Supplied data -
□ □ □ □ □ □ □

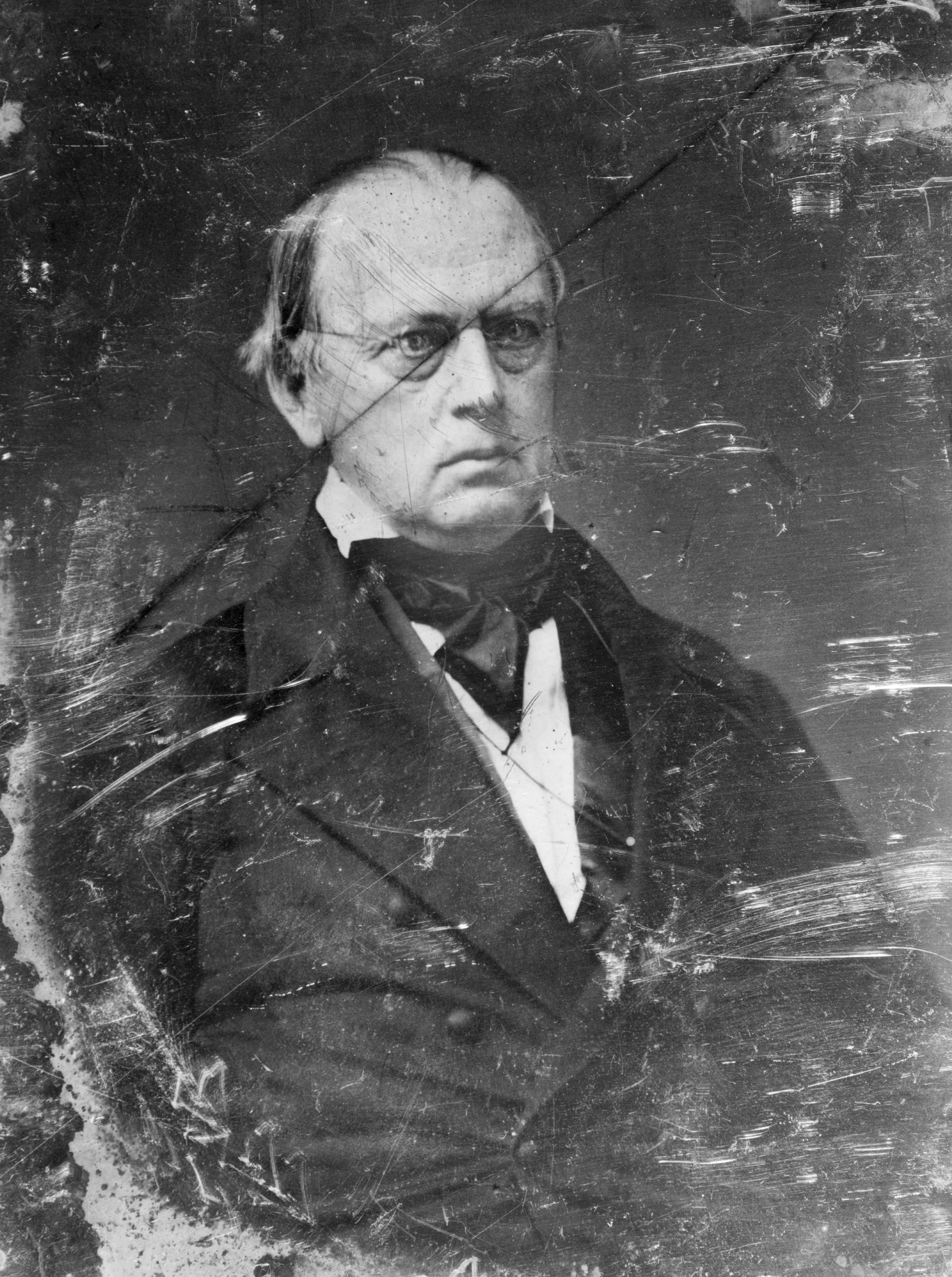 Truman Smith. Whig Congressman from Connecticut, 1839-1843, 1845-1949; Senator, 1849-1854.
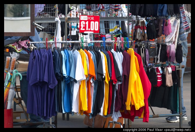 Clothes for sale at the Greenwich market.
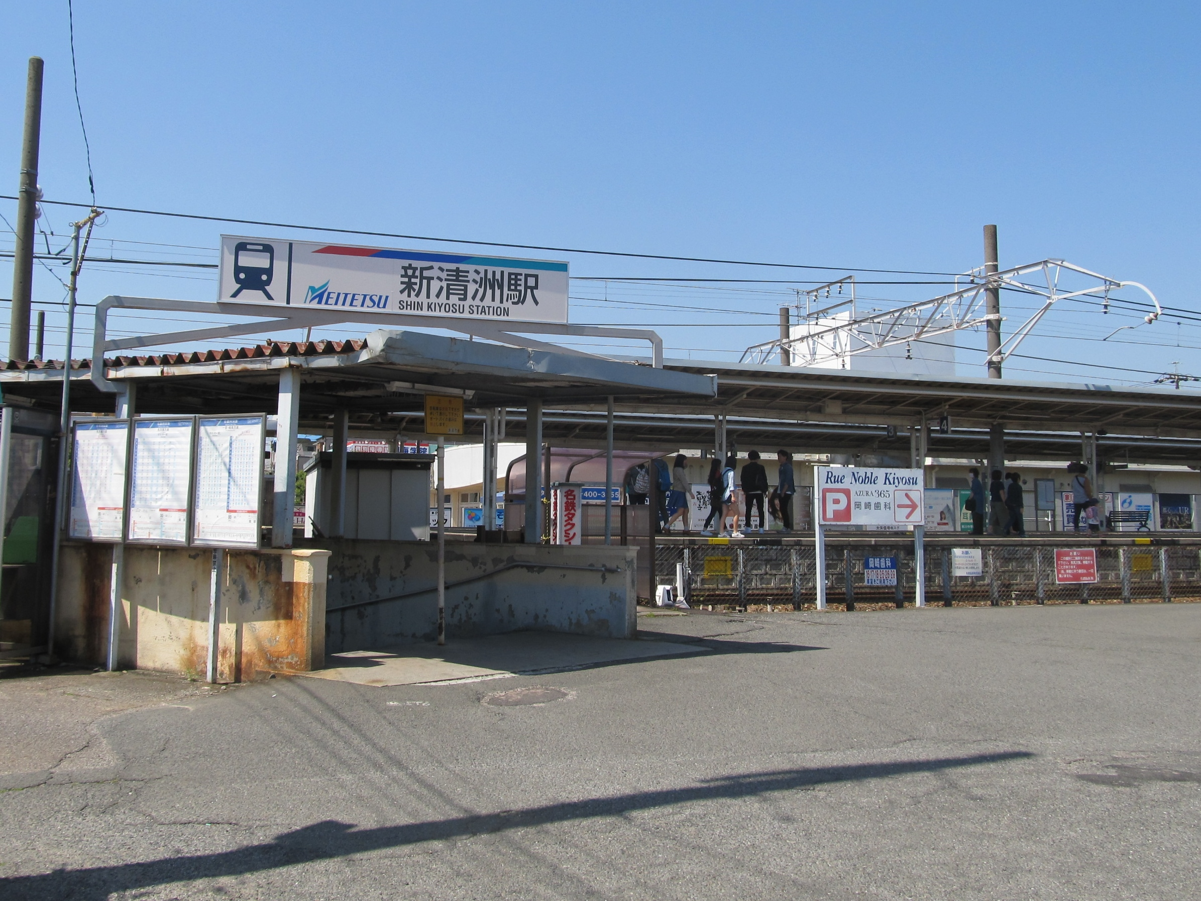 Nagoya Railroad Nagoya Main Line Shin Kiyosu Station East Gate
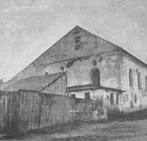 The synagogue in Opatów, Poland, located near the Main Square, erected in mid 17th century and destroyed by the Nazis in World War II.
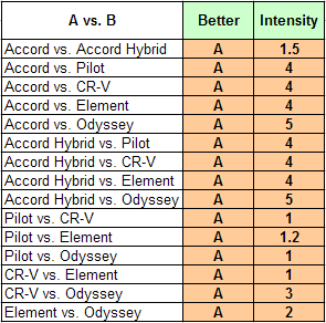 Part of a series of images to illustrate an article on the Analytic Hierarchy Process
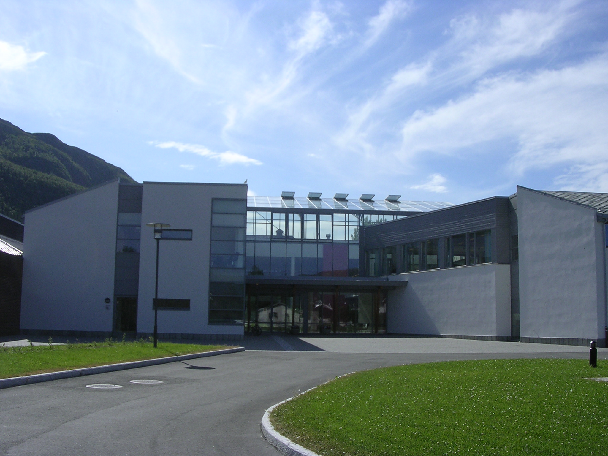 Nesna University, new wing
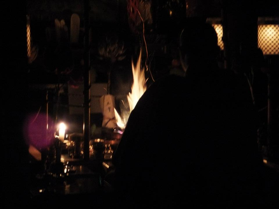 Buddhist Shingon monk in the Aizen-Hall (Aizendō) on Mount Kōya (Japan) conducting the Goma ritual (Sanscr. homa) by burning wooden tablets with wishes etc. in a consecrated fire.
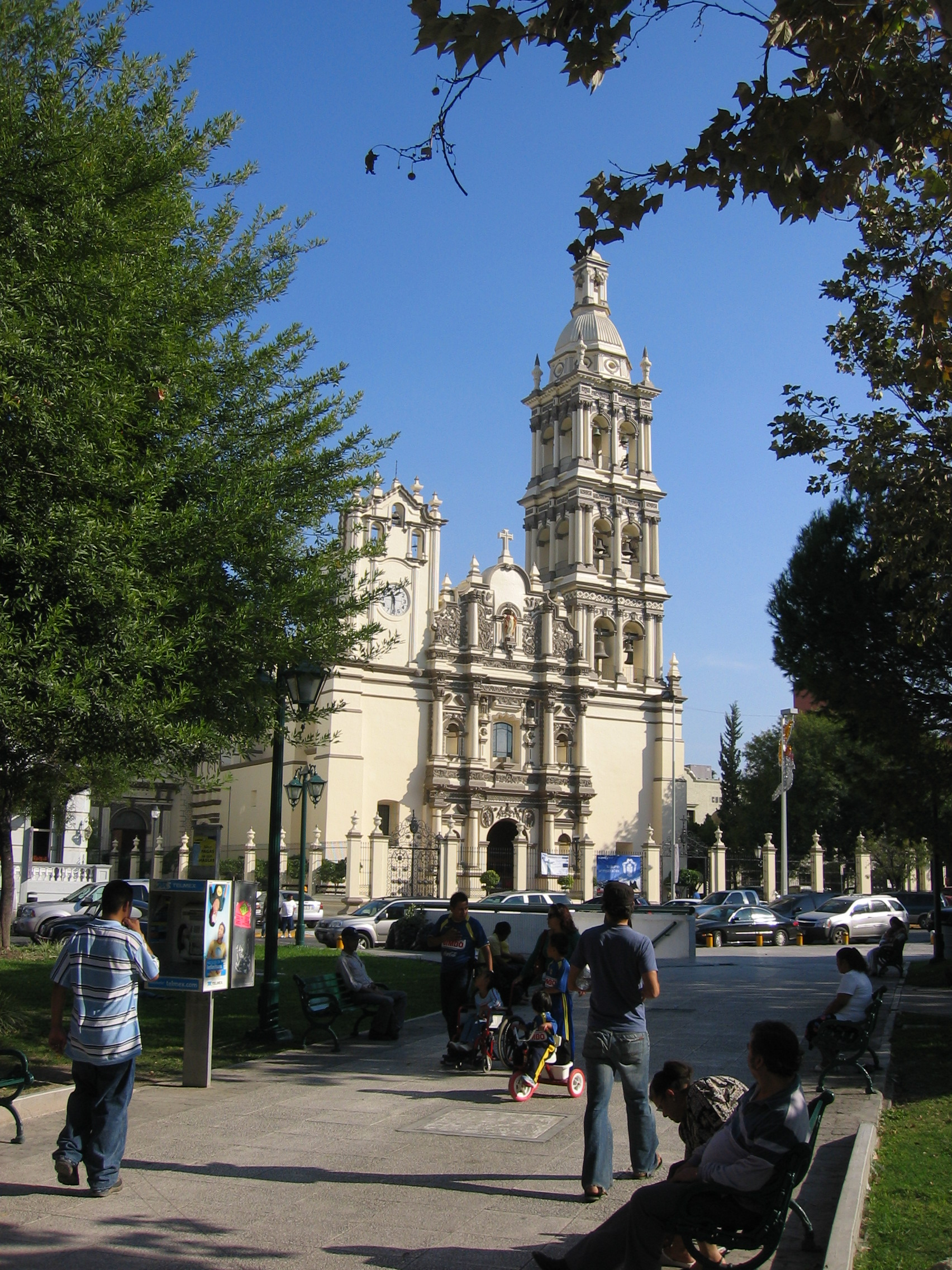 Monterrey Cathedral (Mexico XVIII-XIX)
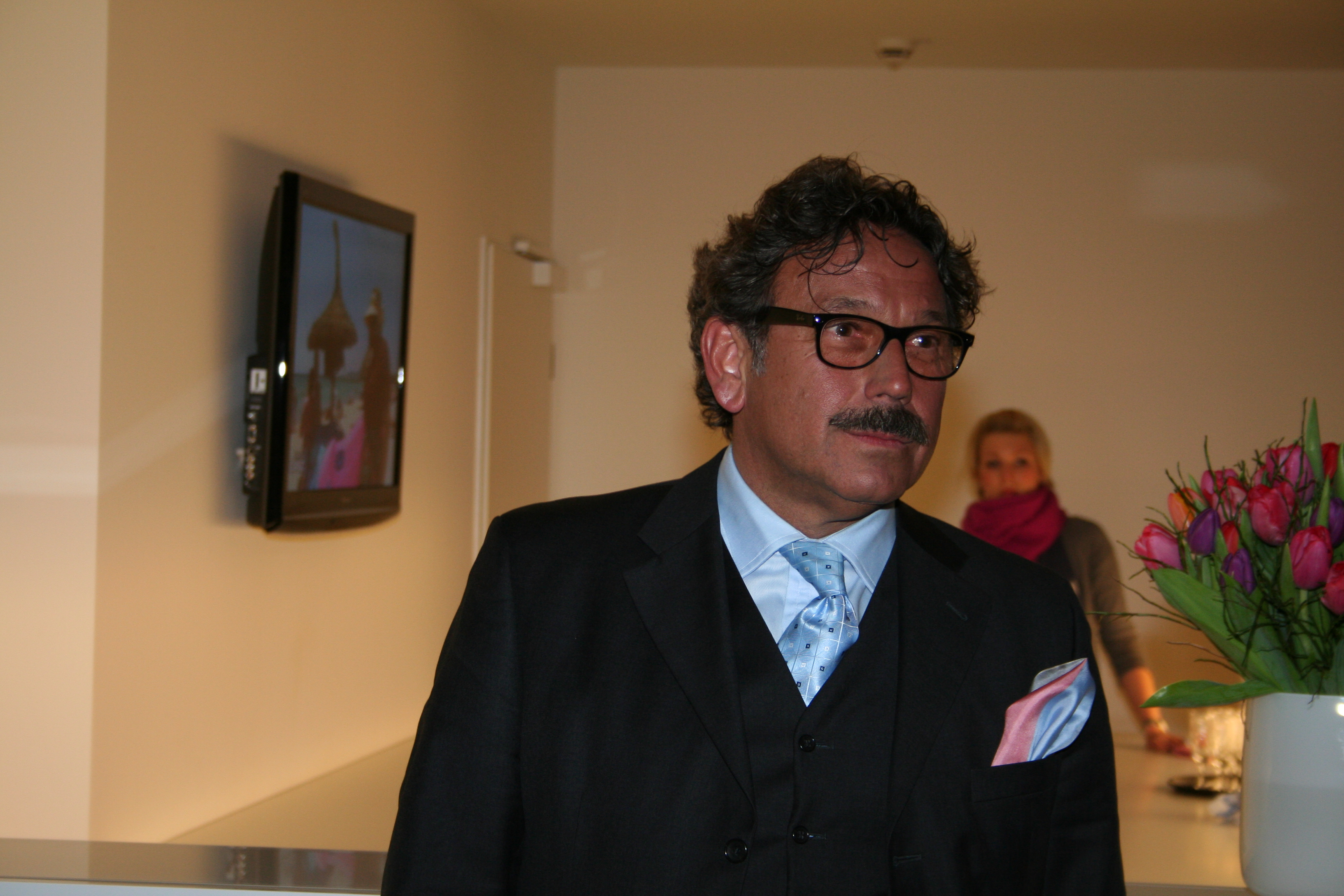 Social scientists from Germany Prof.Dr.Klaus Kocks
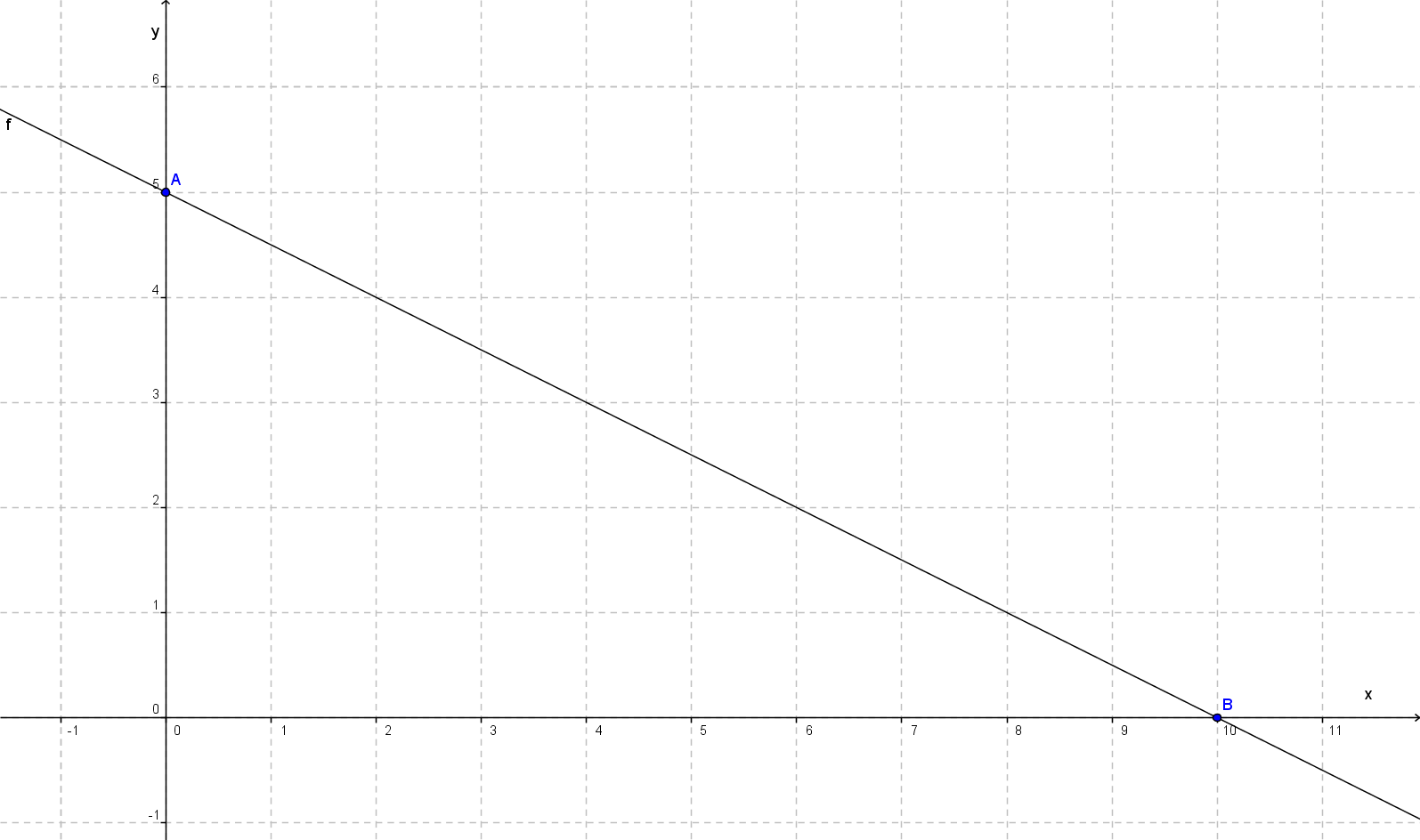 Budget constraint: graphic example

□ □ □ □ □ □ □

Apart from the images, every line above needs to be printed again exactly.

 Truman Smith. Whig Congressman from Connecticut, 1839-1843, 1845-1949; Senator, 1849-1854.
 Clothes for sale at the Greenwich market.
 Nagoya Railroad Nagoya Main Line Shin Kiyosu Station East Gate
 The synagogue in Opatów, Poland, located near the Main Square, erected in mid 17th century and destroyed by the Nazis in World War II.
 Part of a series of images to illustrate an article on the Analytic Hierarchy Process
 Nesna University, new wing
 Buddhist Shingon monk in the Aizen-Hall (Aizendō) on Mount Kōya (Japan) conducting the Goma ritual (Sanscr. homa) by burning wooden tablets with wishes etc. in a consecrated fire.
 Monterrey Cathedral (Mexico XVIII-XIX)
 Social scientists from Germany Prof.Dr.Klaus Kocks
 Budget constraint: graphic example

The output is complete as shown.